Owner: Approvers depend on tier (framework.md §10.1):
| Risk tier | Approvers |
|---|---|
| Low | CoE Lead |
| Medium | CoE Lead + Department Head |
| High | CoE Lead + Department Head + Security + Legal |
Input: Triage complete. Sub-steps:
- Convene the right approver(s) for the tier.
- Review intake + triage + value-vs-risk score.
- Make one of three decisions: Approve / Defer / Reject.
- Define the success KPI for the agent (what specifically will it move — cycle time, accuracy, cost, etc.) and the target.
- Define the retirement criteria at the same time as approval (
framework.md§11.2): under what conditions would we retire this agent?
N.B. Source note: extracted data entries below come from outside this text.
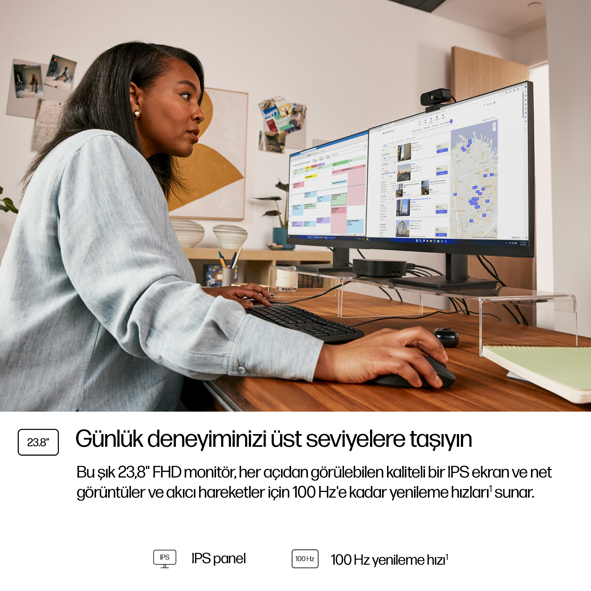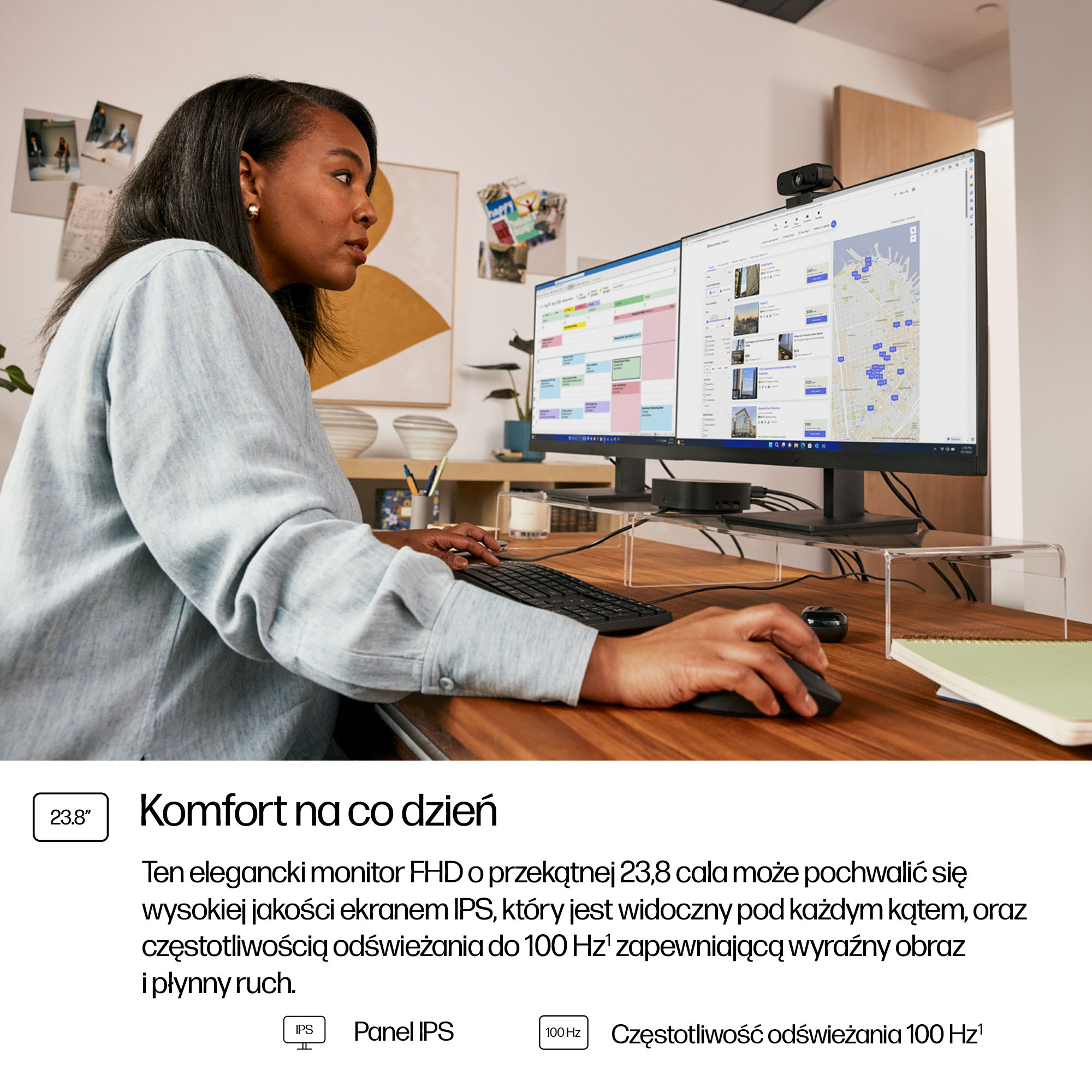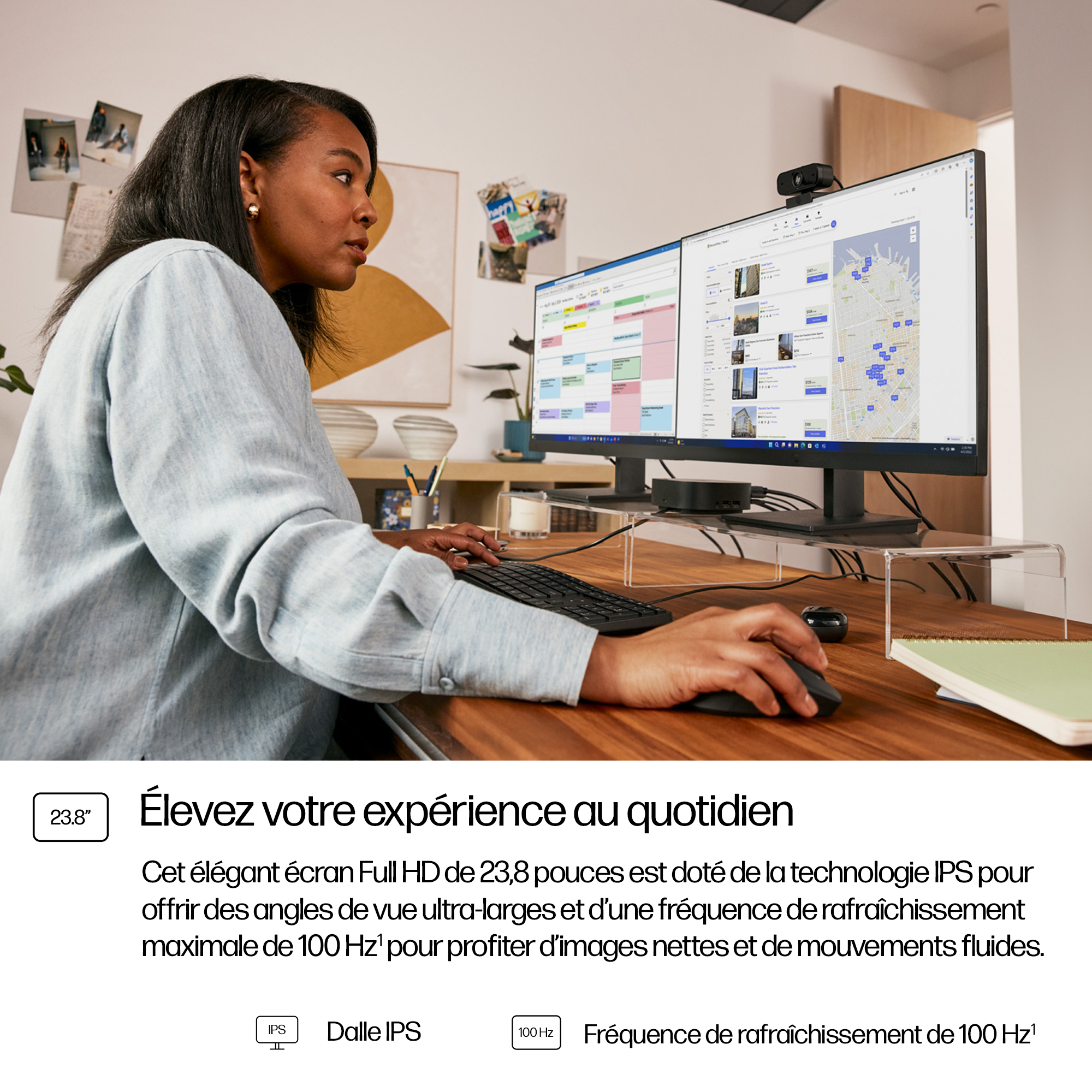 - 23.8-inch Full HD (1920×1080) display delivers sharp, clear images for detailed work and presentations.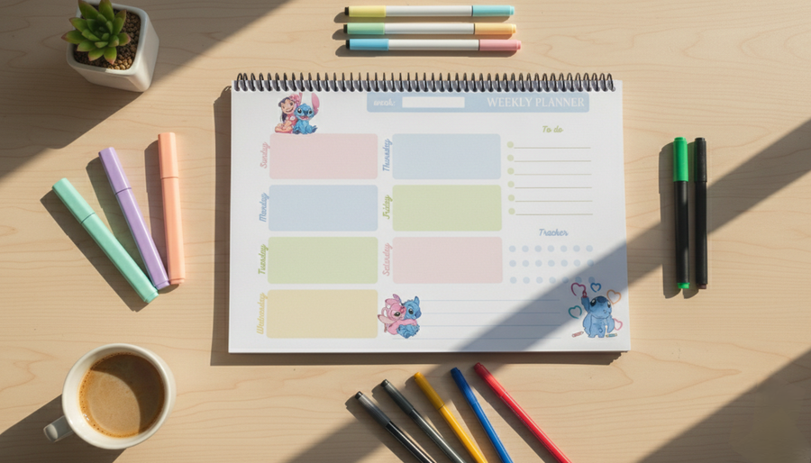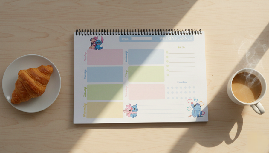 مساحة كبيرة للكتابة + تصميم كيوت محفّز يخليك منظم ومتحمس طول الأسبوع.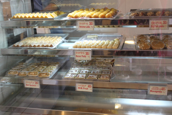 写真は、バンガロールはカーンティ・スウィーツのショーケースです。 上段と中段の左端に並んでいるのは、バンガロール名物、バターキャラメル味のとびきりすてきなお菓子、「マイソール・パック」です。 ASKSiddhi 2014 Photo Gallery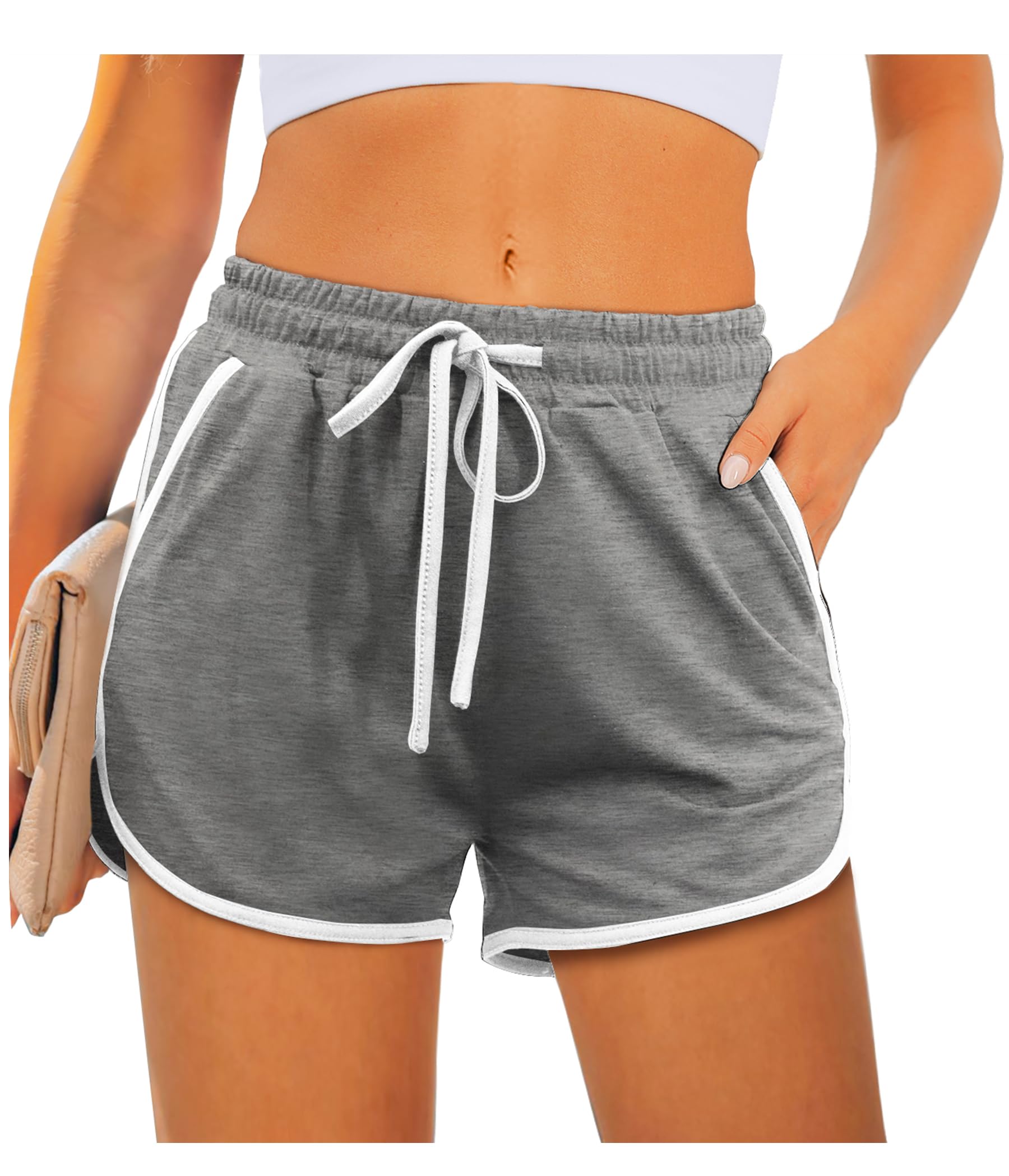 ✦Features:Classic dolphin design with elastic drawstring and fuction pockets.Suitable for all motion,Women's sports shorts are classic with a dolphin toe,and visually elongated legs. Elastic bands take the pressure off the waist. Be extra fashionable while doing your daily routine exercise with these high-quality shorts. When you are out for exercise or walking, you can put your cards, keys, and mobile phones in your pockets to facilitate your sports.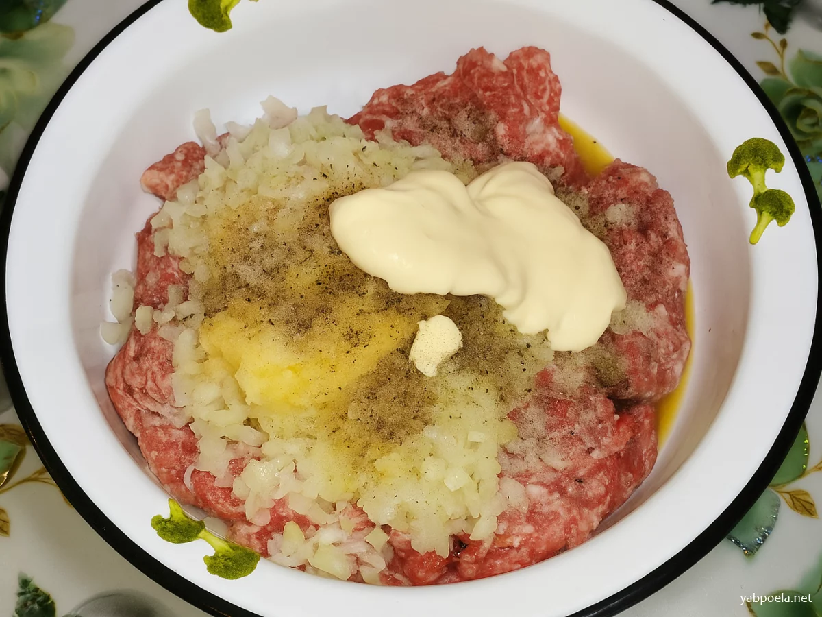 Смотрите по фаршу — он не должен быть слишком жидким. В рецепте ушло около 80 мл, осталось 20 мл.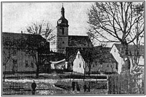 Umgeben von dem auf lieblicher Bergeshöhe gelegenen Friedhofe ist die Kirche mit ihren spitzbogigen Fenstern und Türen im spätgotischen Baustile errichtet. Nach einer an der Südwand des Schiffes befindlichen, nicht ganz verständlichen Inschrift, hat man den Bau 1510 begonnen. Doch ist das Gebäude nur an die Stelle eines früheren getreten, an welches 1418 der Turm angebaut wurde. Eine vermutlich später in diesen wieder eingemauerte Inschrift besagt: „Als Hans Weise und Thomas Rose Baumeister waren, da ward dieser Turm angebaut.“ Die vorgefundenen Aufzeichnungen im Turmknopfe berichten von einem Neubau des Turmes im Jahre 1595. Die italienische Haube, welche die Spitze des Turmes bildet, mag auch seit damals den Turm krönen und ihm von da ab ein gefälliges Aussehen verliehen haben. Gleichzeitig hallten die ersten Schläge der „Steigerglocke, die 1596 gehänget worden“, über das Dörflein hin. Die Jahre 1719 und 1920 ersetzten das jeweilige alte, ausgediente Uhrwerk durch ein neues wieder. 1751 und 1794 beschädigten Blitz und Wetterstrahl Turm und Kirchendach ganz erheblich. Wir treten in das Gotteshaus. Überrascht schauen unsere Blicke das schmucke Innere der Dorfkirche. Das festliches Kleid gab dem Hause im vergangenen Jahre nach eigenem Entwurf und eigener Ausführung „Meister Barthel“ aus Tiefthal. Die geschmackvolle Bemalung ist ein Zeichen dafür, daß auch heute noch „dörfliche Kunst“ zu finden ist. Der 1898 vorgenommene Umbau (Erneuerung des 1715 erbauten äußeren Treppenaufganges, neue Orgel, eine Empore) zeugt von dem opferfreudigen und christlichen Sinn der Dorfinsassen. Kanzel und Altaraufbau sind alt und im Barockstil gehalten. 1737 ließ sie Joh. Heinrich Hahn auf seine Kosten durch den Bildhauer Andreas Gessert aus Groß-Rettbach verfertigen. Die feierlichen Klänge des schönen Orgelwerkes rauschen durch den lichten Raum und brechen sich an den zart harmonisch-bundfarbig getönten Wänden und wecken an die heutige Wanderung denkend, einen Widerhall in unserer Brust, den der Mund im ewigwahren Liebe zum Ausdruck bringt:

Write them down now, while everyone agrees. - Identify the agent owner (usually the Department Champion) and the agent builder (could be the Champion, the CoE, or an external).
- Update the registry:
Status = Approved, approver names + date, KPI, retirement criteria.
Output / gate criteria: Registry shows Approved status, named owner, named builder, KPI, retirement criteria.
Decision branches:
- Reject → document the reason; communicate back to the requester; close.
- Defer → put on the backlog with a re-review date.
- Approve → go to Step 5.
Skip-this-step risk: Agents get built that no one is willing to own, or with no defined success metric, so you can never prove they worked.